That leads directly to the second part of the question: how do we know when it’s time to work on our marriage rather than be distracted by feelings for someone else? One of the clearest signs is when emotional distance, resentment, or dissatisfaction begins to replace intentional care. Scripture calls husbands to love their wives sacrificially, as Christ loves the church—nurturing, cherishing, and protecting that relationship (Ephesians 5:25–33). Jesus also reminds us that marriage is a sacred union—“the two shall become one flesh… what God has joined together, let no one separate” (Matthew 19:4–6). When feelings for someone else arise, that is not a sign that the marriage has failed; it is often a signal that the marriage needs attention, healing, and renewed intentionality.
From a pastoral standpoint, I often see that “lost feelings” are rarely the true problem. More often, they grow out of unspoken anxieties, unresolved conflict, resentment, or emotional withdrawal. Selfishness—putting our own desires ahead of the covenant we made—is one of the most common causes of marital breakdown. This is why turning to God’s wisdom, rather than the world’s narratives, matters so deeply. Marriage belongs to God. Seeking counsel rooted in Scripture honors the vows we made before Him, while chasing emotional distractions often leads only to repeating the same patterns in another relationship.

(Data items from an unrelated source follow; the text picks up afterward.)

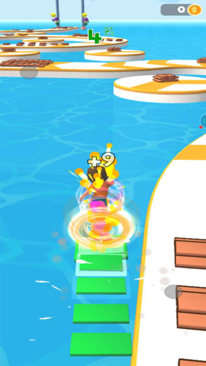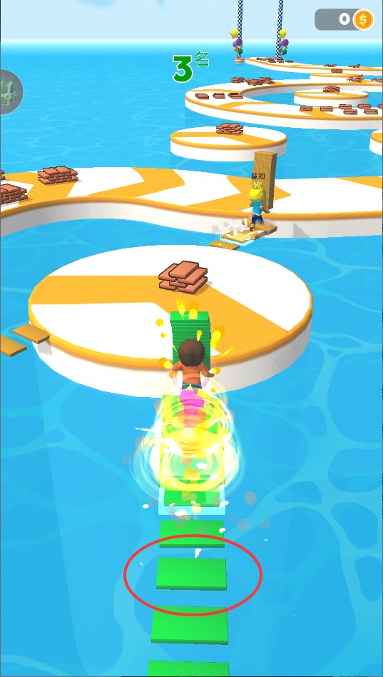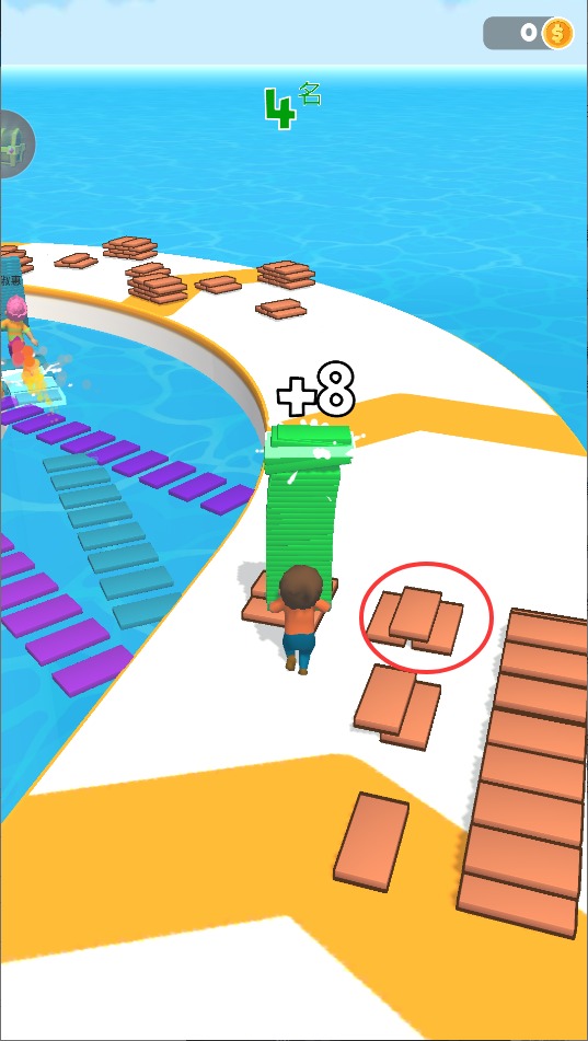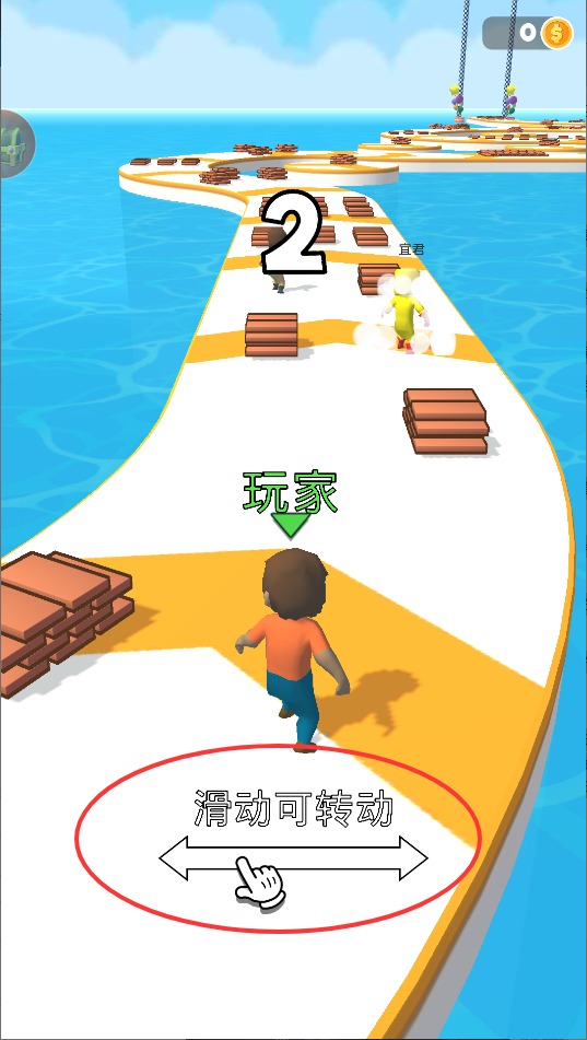 1、核心玩法是收集场景中的木块道具,在合适位置搭建浮桥。通过创造捷径超越对手,率先抵达终点获胜。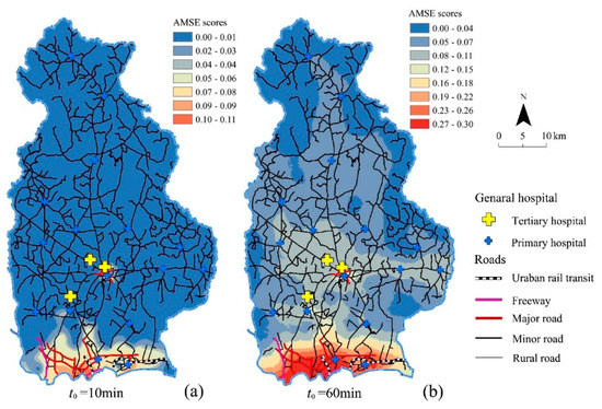 In this study, the AMSE scores were calculated using several static average speeds, Table 1 shows the different road types were divided into two categories: stable and unstable speed roads. However, traffic conditions in 24 h or holiday seasons are quite different, namely the changeable car travel time will lead to the instability of the AMSE scores. For example, the AMSE scores in some part of central urban areas may decrease in rush hours (e.g., 7:15 a.m.–8:45 a.m. and 17:05 p.m.–19:00 p.m.) and then it will increase in normal hours. Despite ambulances having priority access through intersections, the time would increase because some roads usually have traffic congestion in rush hours and car accidents may occur occasionally. Therefore, in future studies, dynamic analysis of AMSE scores is also needed by dividing the time into several categories.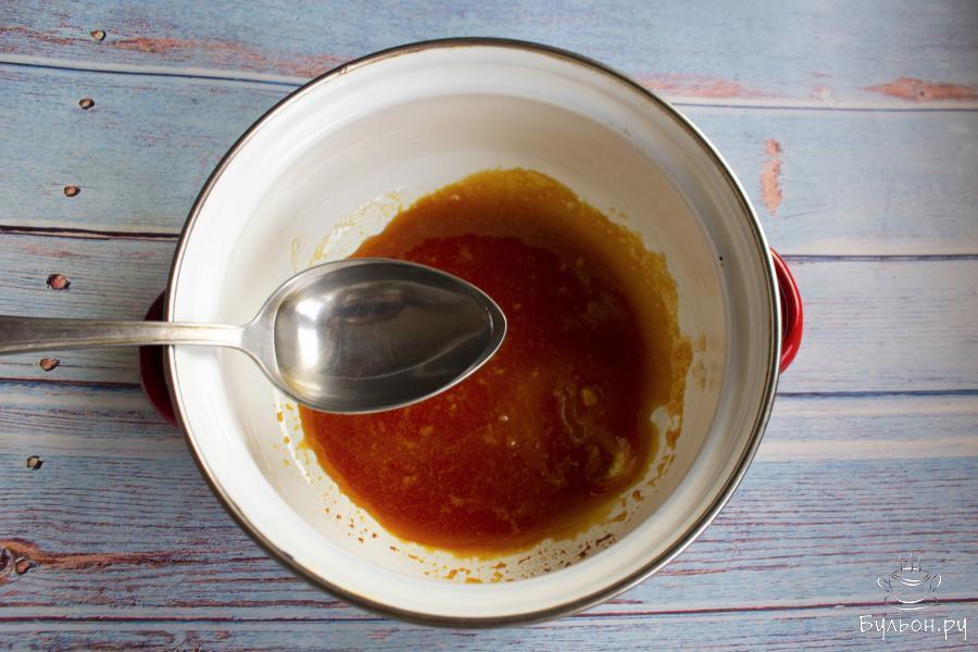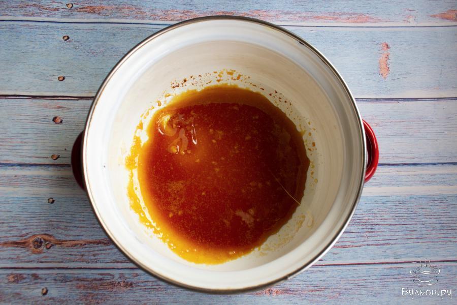 2. Сахар переложить в кастрюльку и на очень маленьком огне расплавить его. Помешивать. Долго на огне сахар не держать, чтобы не было пережженого привкуса.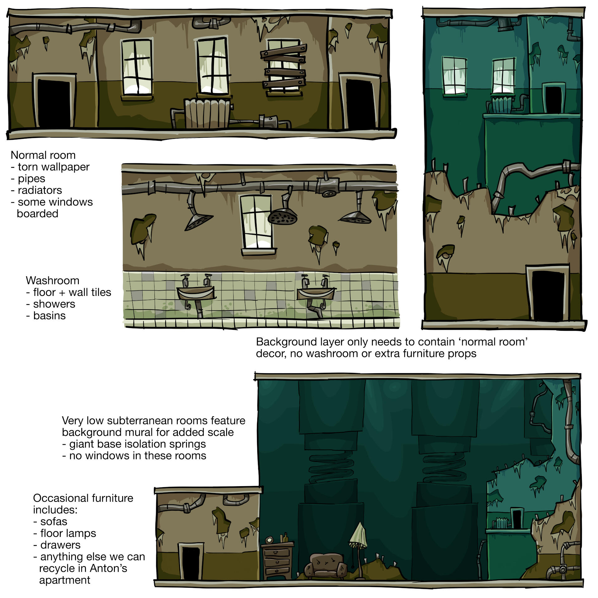 Some bonus stuff: First, a detailed reference for the street-view shot of Anton and Annie's apartment during the opening cutscene. In this shot, we specifically wanted to integrate the car Anton smashed in the ending cutscene of Antonball Deluxe, to create a fun sense of continuity with the previous game. Second, my initial pitch for the save file menu design, which ended up translated directly into the final game. Third, some variants on a background plate concept for the ending cutscene showing Satan amid the wreckage of his castle; and last but not least, Annie as a goblin shark.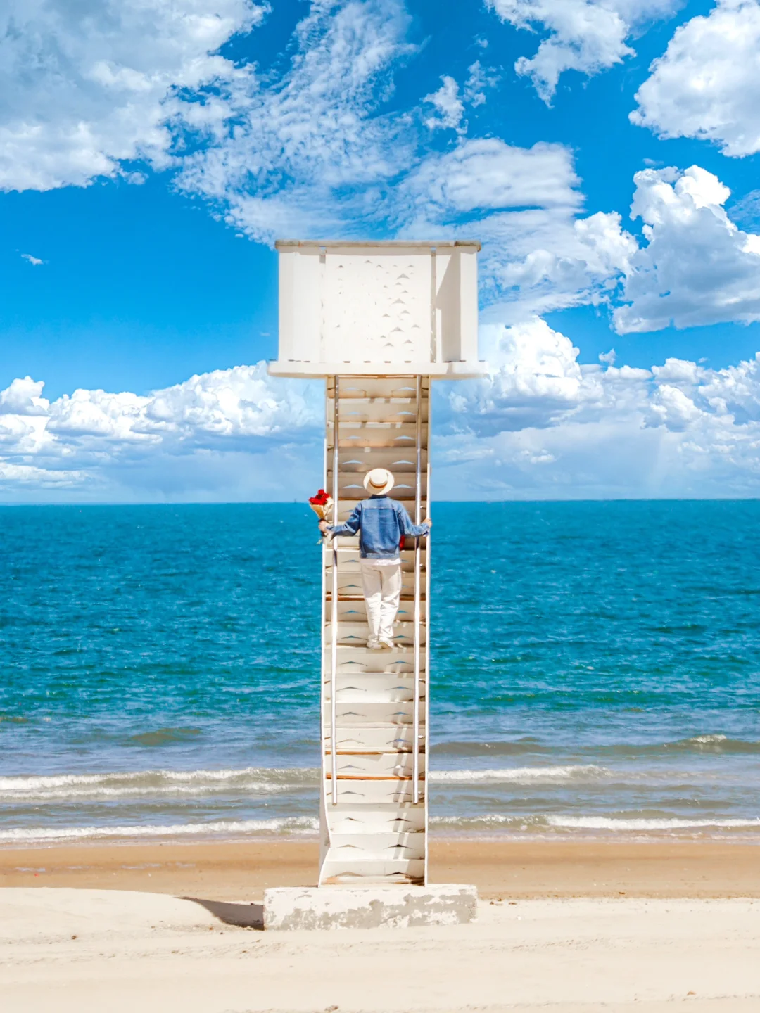 海边有很多类似的白色瞭望台,在“天空之约/恋烟台礼堂”附近就有,长焦拍摄效果更佳
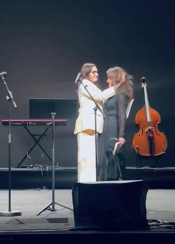 В мене поки немає кращих фотографій, але це Жюльєт Бінош тепло обіймає мене на сцені після того, як вона декламувала французькою переклад мого вірша.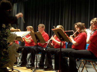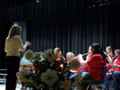 Faye Chambers directs the Calhoun Middle School Band "Celebrate the Arts" was a multi-tiered effort at CM-HS, last night featuring the high school and middle school band, the school choir, special performances, and an art show in the commons area of the school.
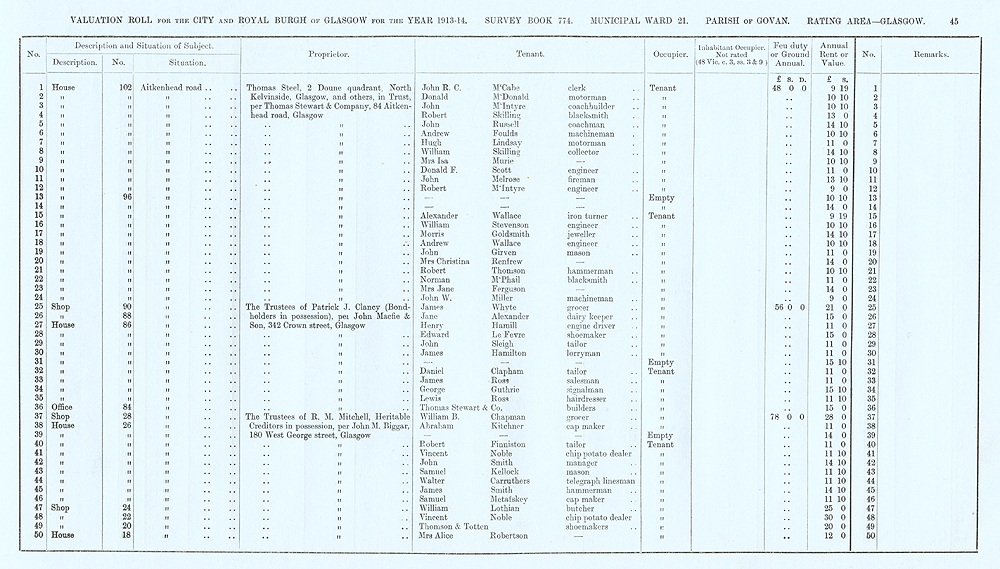 Glasgow Valuation Roll VR 1913-14, Ward 21, p045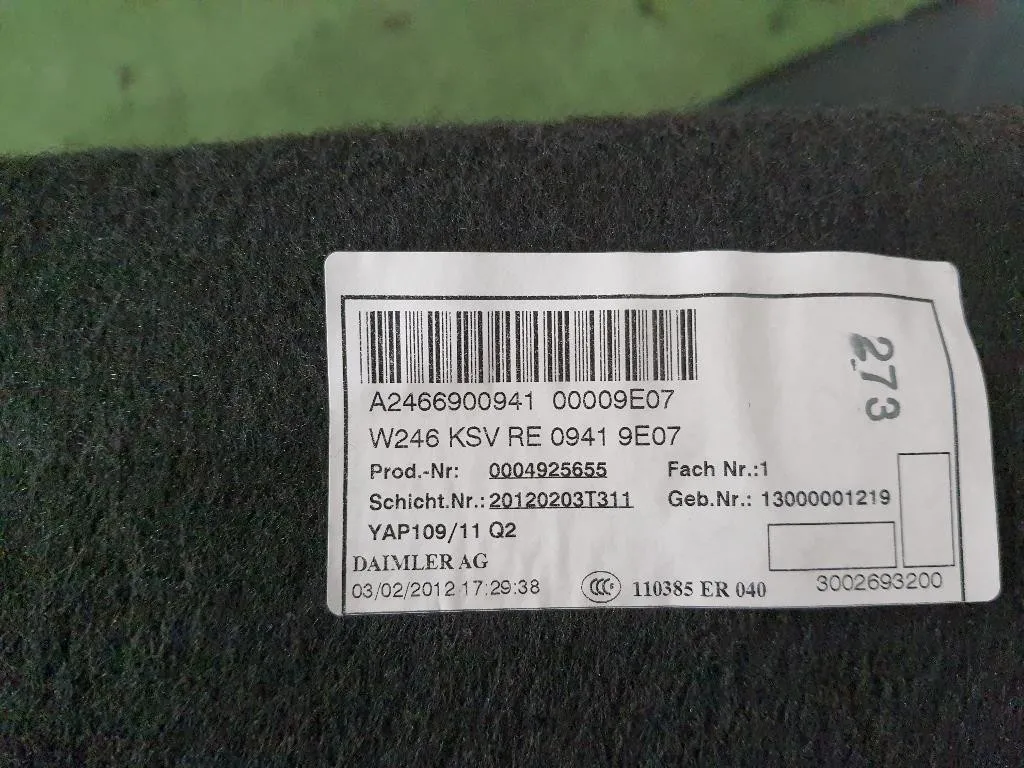 Rivestimento Interno Bagagliaio DX Mercedes Classe B W246 (2012) A24669009419E07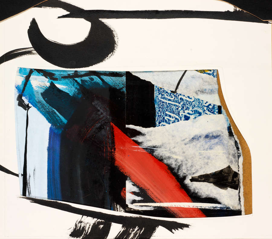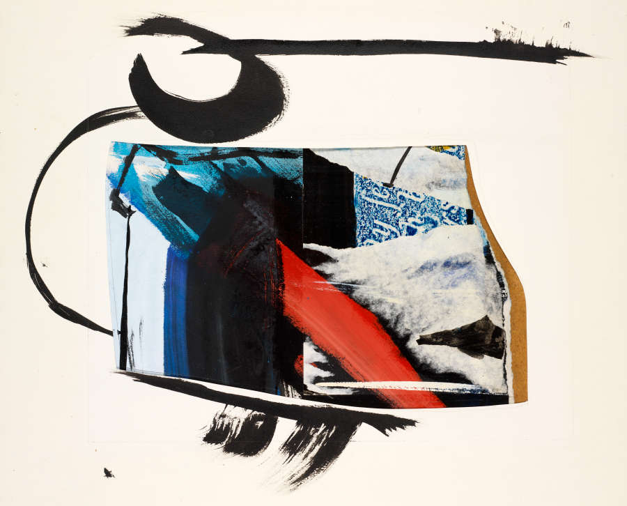 Brush and ink and gouache collage and graphite on paper mounted to board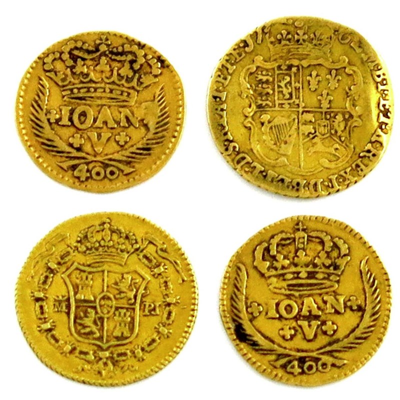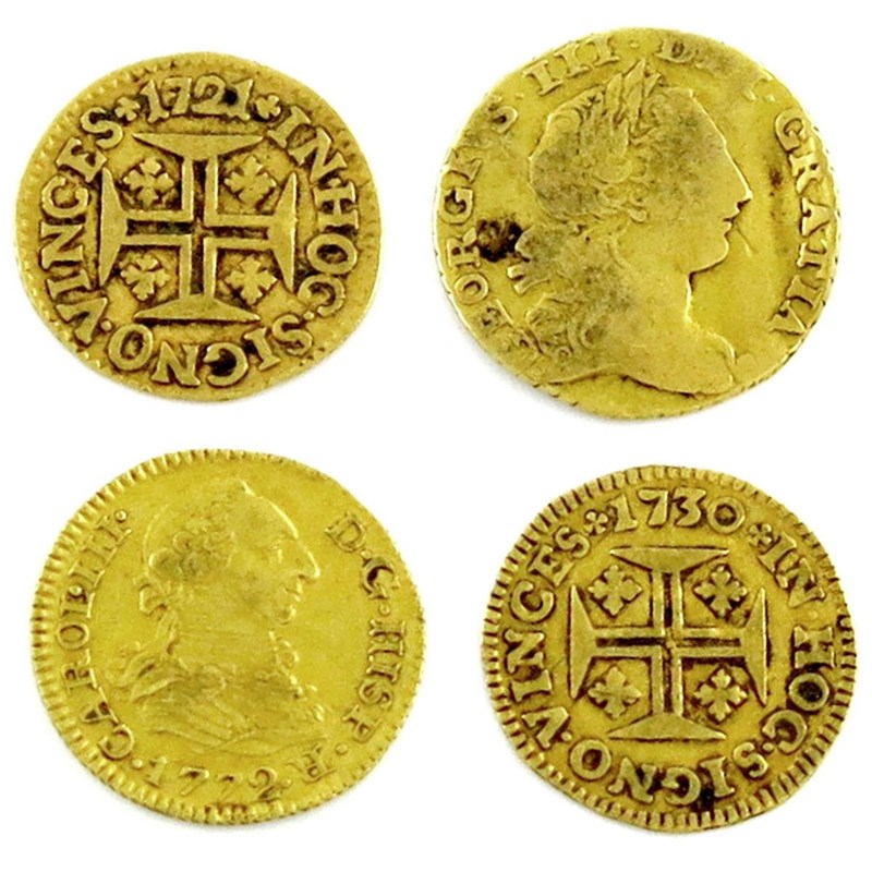 Portugal, John V (1706-1750), Cruzados (2) of 400-Reis, 1721, 1730; Spain, Charles III (1759-1788), Half-Escudo, 1772, Madrid, assayer PJ, these very fine; together with George III, Quarter- Guinea, 1762, bent and damaged. (4)

One practical way we counter this drift is by intentionally “dating our spouse.” This is not accidental or reactive; it is planned and thoughtful. Just as we prepare ourselves each day to face the world with care and intention, we must also prepare our hearts and actions to pursue our spouse’s good. Dating one’s spouse means choosing to cherish them, to seek their joy, and to protect the bond you share. When this is done sincerely, with the goal of pleasing one another rather than ourselves, it aligns with God’s design for marriage. The Song of Solomon gives us a beautiful picture of this kind of intentional affection, desire, and delight—a love language husbands and wives are meant to cultivate throughout their lives together.
Finally, healthy marriages are built on connection and spiritual alignment. Couples who endure learn how to stay connected even during seasons of disappointment. They worship together, pray together, practice forgiveness, and continually rebuild trust. In this way, they store up what some call a “love bank”—a reserve of shared memories, kindness, and goodwill that sustains them when emotions run low. Over time, as we allow God to reshape our thinking and expose false beliefs about love and marriage, we learn that commitment, not distraction, is what leads to lasting joy.
In the end, fear does not have the final word—faith does. When we choose to work on our marriages rather than escape from them, we honor God, protect our hearts, and give love the time and space it needs to grow into something far deeper than feeling alone could ever produce.